陽子線治療は、がん細胞のみを狙い撃ちできるため、他の正常な細胞へのダメージが小さく、従来の放射線治療と比較すると副作用が軽くすみます。体への負担や、治療後の社会復帰に支障をきたすことが少なく、QOL(生活の質)を保つことができます。また、治療期間中は原則として入院する必要はなく、通院での治療となります。

陽子線治療のメリット

  • がん病巣のみに、ピンポイントで高いエネルギーで照射できるため、優れた治療効果が期待できる。
  • 放射線の影響をうけやすい臓器の副作用を減らしがん病巣を的確に治療することができる。
  • 体への負担が少ないため、高齢者や体力のない人にも治療を施せる。
  • 小児や若年者では、放射線治療を受けた後の二次がんの発生を低く抑えることができる。
  • 合併症があるために手術ができない人も治療を受けられる。
  • 入院の必要がなく、毎日の通院で治療を受けられる。
  • 治療後の社会復帰や日常生活への支障をきたすことが少なく、高いQOLを維持できる。

陽子線の副作用

陽子線治療は、従来の放射線と比較すると正常な組織への影響が少ないため副作用を軽減することができます。
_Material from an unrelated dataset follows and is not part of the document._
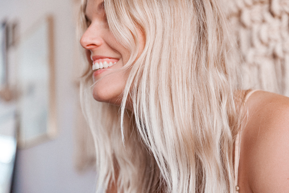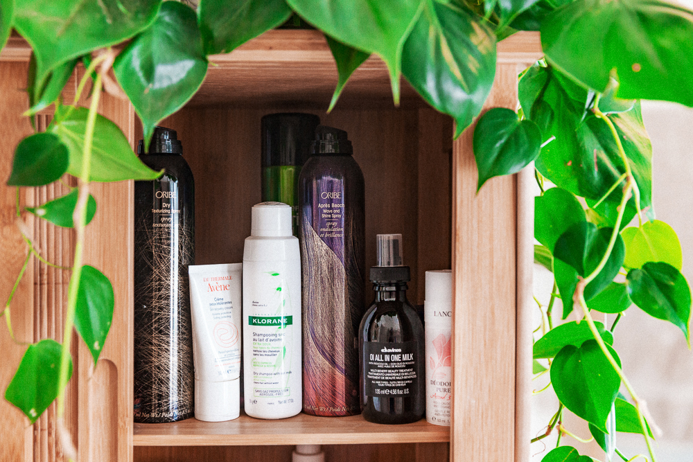 My hair was bleached three years ago so the ends are still suffering from that moment. This Davines Oi Conditioner has been saving my life. Also the Oi All in One Milk is incredible for post-shower. I’ll put that all over. It just adds softness and amazingness. I only wash my hair once or twice a week, but I really hate having clean hair, so I like the Oribe Dry Texturizing Spray. And it smells like heaven. I don’t always wear perfume but when I spray my hair with that, people will ask me what perfume I’m wearing.

ただ副作用がまったくないとは言えず、たとえば、照射した部位の皮膚に日焼けのような症状がみられることなどがあります。また、治療後の副作用は、病巣の部位や陽子線の照射角度によってそれぞれ異なります。治療時には、専門医より詳しく説明いたしますので、よく理解したうえで治療を受けるようにしましょう。